I bring this up because there’s a subset of atheists that, it seems, are so doubtful of the divinity of Jesus** that they find it fashionable to doubt his existence as well. And, in fairness, it’s not an open and shut thing that a lot of Christians would like you to believe, because, well, if you’re an atheist you don’t have that particular requirement for him to exist for your religion to be true. In the end we’re basing our suppositions on the guy based on 1800-2000 year old books, all of which were written at least 20 years and in many cases several decades after the guy’s (supposed) death.
At the same time, though, there’s really not a lot of reason for him *not* to exist. One particular howler I hear a lot (and which is addressed neatly in this book) is this idea that a son of God who resurrects himself in order to wash away the sins of humanity is a recurring religious meme and the Jesus character is just the latest version of it, adapted from Egypt or one of the mystery cults. Well, to those specific points, Osiris is the god that would have been supposedly adapted, and there’s a fair bit of difference between a god of the underworld who is no longer dead but now has to walk among dead people and the Christian imagination of Jesus. And as to the mystery cults such as Mithra, there is a reason they’re called mystery cults and that’s because we don’t actually know much of anything about them. We know that they existed and in some cases we’re aware of locations of temples and such but very, very little was written down that we can compare. Hence the word “mystery”. If the Christians copied this myth from existing groups, they would have copied bits and pieces from several and amalgamated them into one. But there’s a less complicated explanation.

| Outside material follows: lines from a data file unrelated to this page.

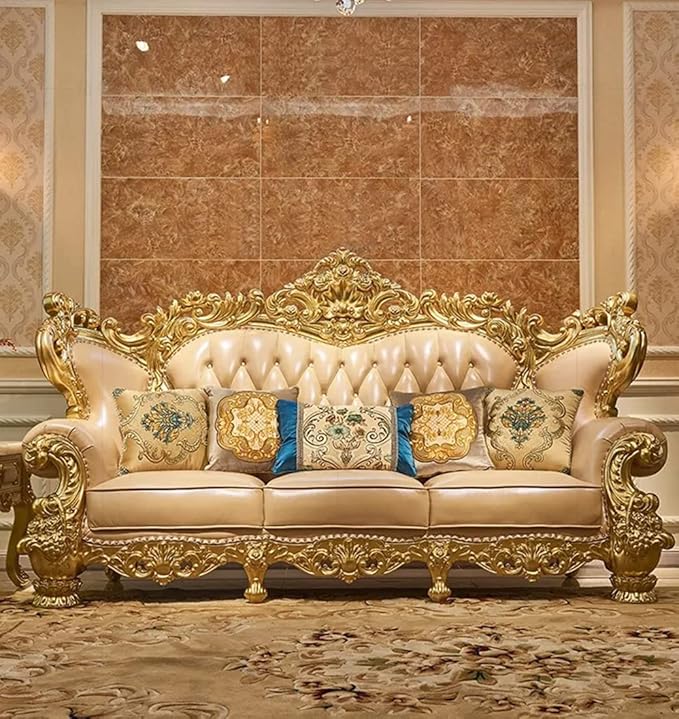 American Luxury Solid Wood Carved Sofa 88.98'' Leather Sofa| Shine Wood Art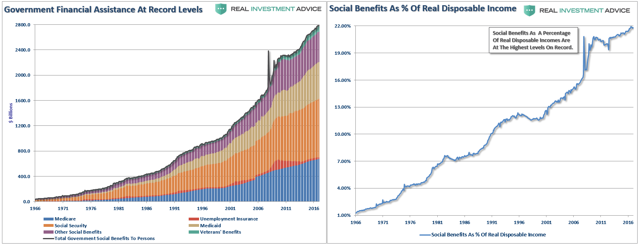 Importantly, for the average person, these social benefits are critical to their survival as they make up more than 22% of real disposable personal incomes. With one-fifth of incomes dependent on government transfers, it is not surprising that the economy continues to struggle as recycled tax dollars used for consumption purposes have virtually no impact on the overall economy.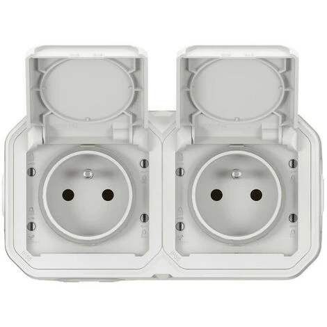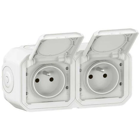 Double prise de courant avec terre étanche avec volet Plexo 16A 250V pour montage en horizontal, complète livrée avec boîtier saillie 2 postes pour montage en apparent – blanc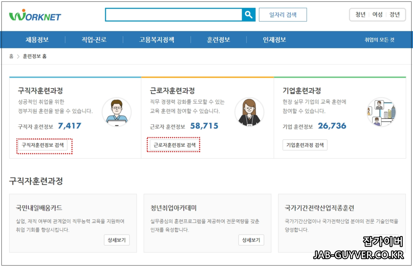 필요한다면 구직자 훈련과정으로 국민내일배움카드와 청년취업아카데미, 국가기간전략산업 직종훈련도 가능합니다.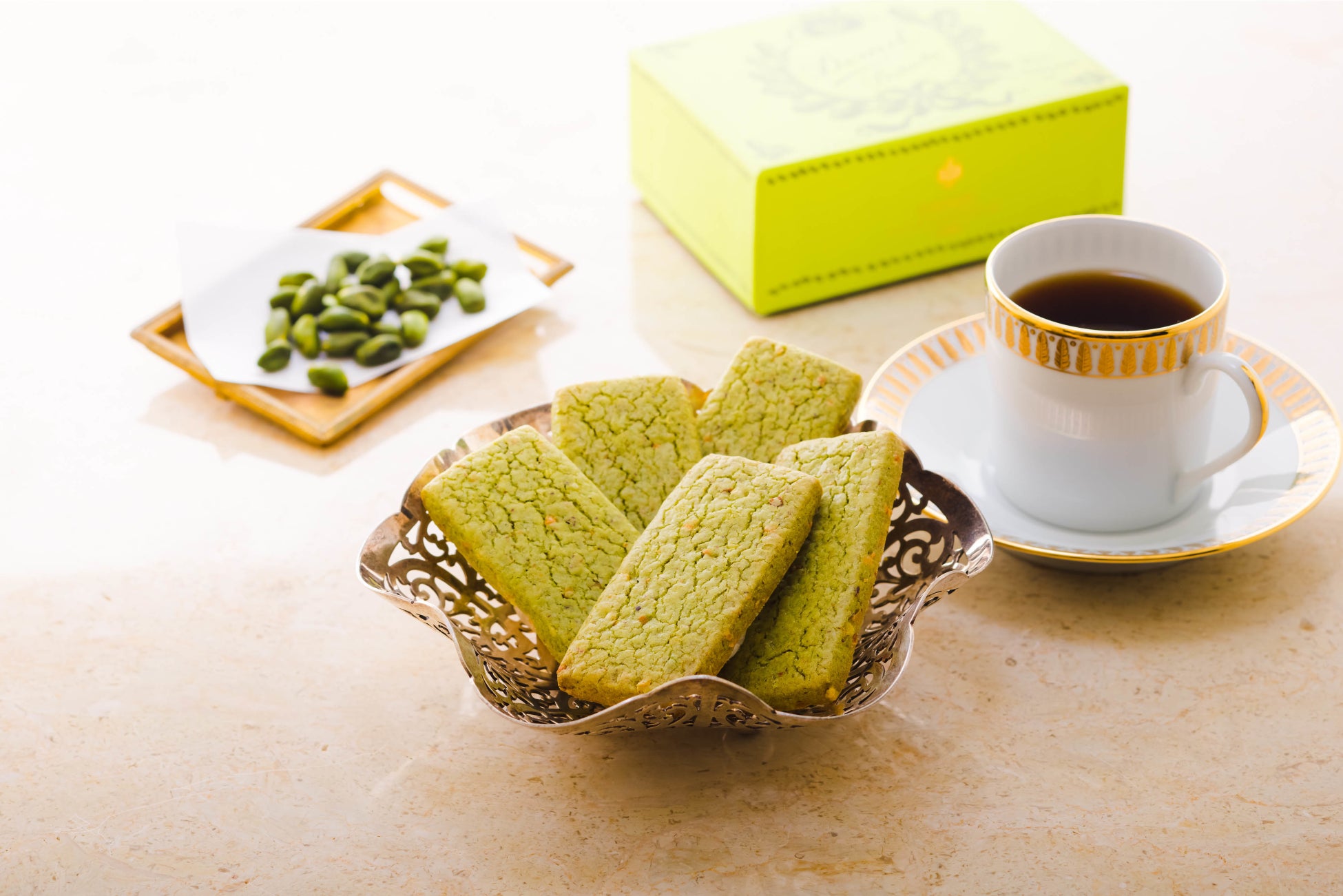 商品特長:バターの風味とピスタチオの香ばしく甘い香りが広がるクッキー。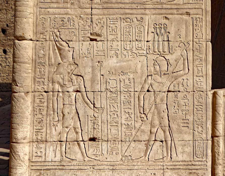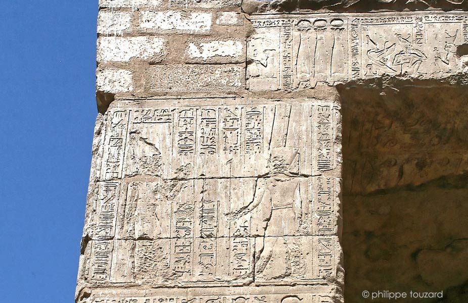 Le dieu Amon-Rê et la déesse Nekhbet. En haut, les inscriptions de l'architrave.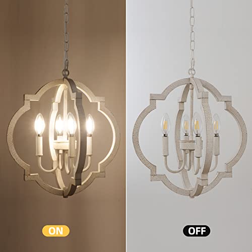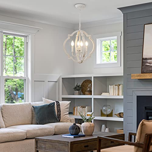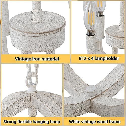 LynPon Lampadario a 4 luci in Legno Bianco Lampadario Rustico Francese a Sospensione Classico Antico per Sala da Pranzo Ingresso Camera da Letto Soggiorno Cucina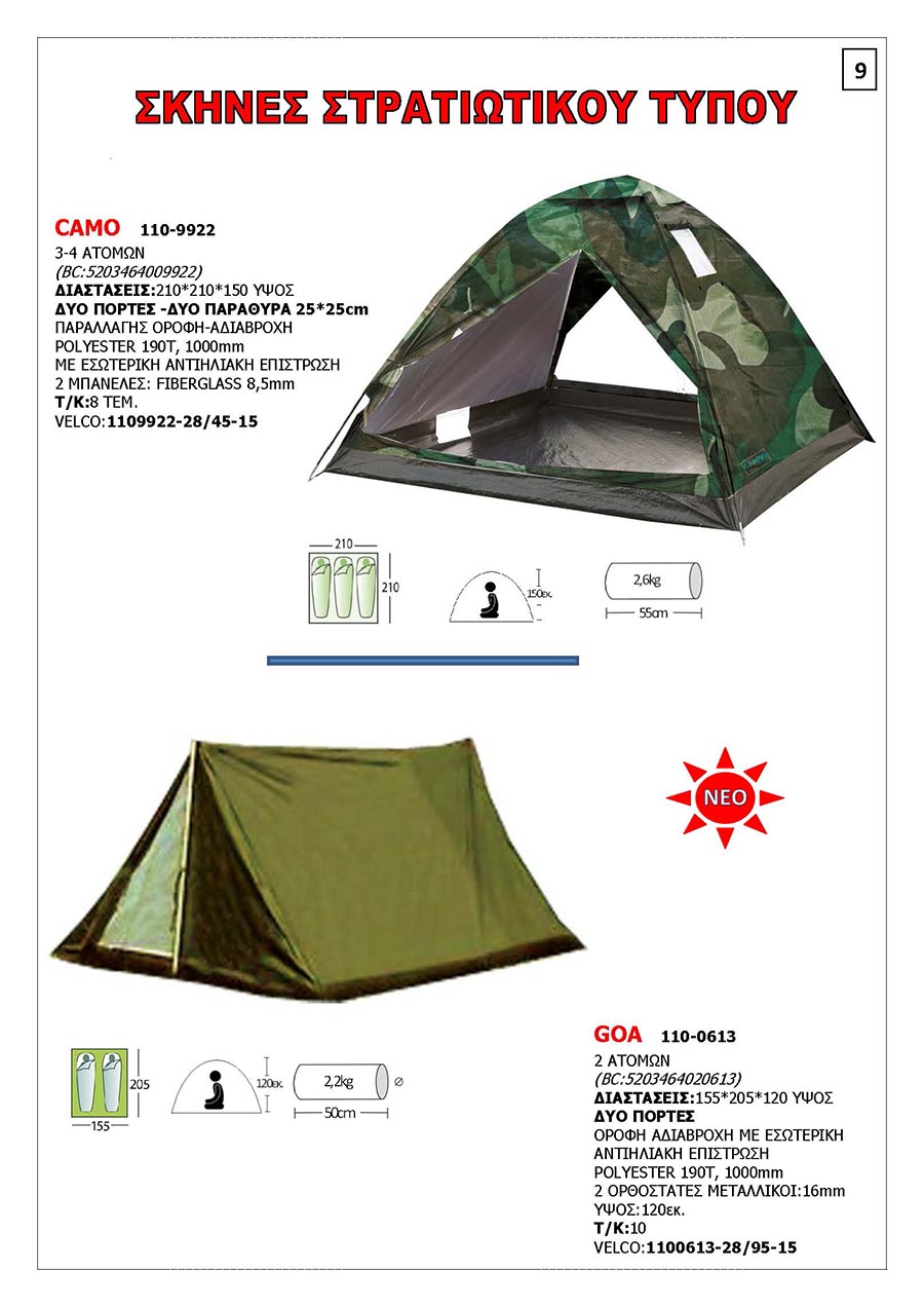 Είδη Camping Πληροφοριακά Στοιχεία Κατηγορία: Κήπος-Camping Σκηνές, σακίδια, υποστρώματα και ένα σορό άλλα είδη για να κάνετε τις διακοπές σας υπέροχες. email facebook twitter google+ linkedin pinterest Επόμενο

What’s more logical, as Ehrman points out, is that there was a guy named Jesus and he really was crucified by the Romans for being a political agitator. He certainly would not have been the only figure like this hanging around Jerusalem during this period of time. Anyway, this created a huge issue for the new religious sect. There is a specific passage in the OT that if you are hanged from a tree you can’t be the Messiah***. Basically, the Christian community, confronted with this fact, spun it into “um, yeah! He died like this so EVERYONE’S sins can be expunged! It’s not an embarrassing thing! It’s an advantage!”
This also, of course, wouldn’t be the only time that someone used propaganda to turn a fault into a bonus. That being said, if Christianity would have been created from whole cloth, don’t you think that the author would have come up with something more palatable to Jews than crucifixion (which I know isn’t technically hanging but which was definitely thought of as analagous by the people at the time since both involved hanging someone from a bunch of wood)?
The bigger question, I guess, is why is this stuff important? I mean, I don’t particularly care if there was a Jesus or not. The issue I have with Jesus denialists**** is that they by and large exhibit a general lack of understanding of how we have “facts” from ancient history. One thing that’s commonly cited from the “anti “crowd, for example, is the fact that we only have like 3 sources that talk about Jesus in the century after his death. What is left out of this is that there are really only about 2 sources that we have access to that deal with events that took place in Palestine in the 1st century CE (the third source for Jesus is in one of the Pliny’s works (the younger I think) who at one point whinges about those weirdo Christians). We often have very little evidence for anything this far back, and what we do have is very often tainted. That doesn’t mean that we ought to take the default position that nothing existed back then; that would be absurd.
Anyway, Ehrman’s book is highly enjoyable, at least in the opinion of this history nerd, and written with the non-scholar in mind (he has published scholarly works on this subject as well). Non-Christians will appreciate the book because it’s written from the standpoint of a non-believer (Ehrman has his own reasons for falling away from Christianity but they have nothing to do with historicity), while I think Christians, too, will appreciate someone giving “their side” the attention that it deserves (although there’s also no reverence for Christian beliefs in here, so if you’re easily offended, be warned). All in all, it’s not quite a book I’d require folks to read if I were dictator of the world – there are newer historical issues which are much more important in my opinion – but I do think that if you have the time and the subject is at all interesting to you, you should read it.
*Because they are loud, not because they are numerous!
**That’s kind of a red herring; I am as doubtful of his divinity as they are, but that’s the best way that I can put it.
***I don’t remember the OT passage off-hand because I am not a Biblical scholar, but Paul’s letter to the Galatians references this: 3:13 Christ hath redeemed us from the curse of the law, being made a curse for us: for it is written, Cursed is every one that hangeth on a tree.
****This is a pretty apt description, I think, as the percentage of Biblical scholars of the New Testament who think that Jesus didn’t exist is about the same as the percentage of climatologists who don’t think that global warming exists.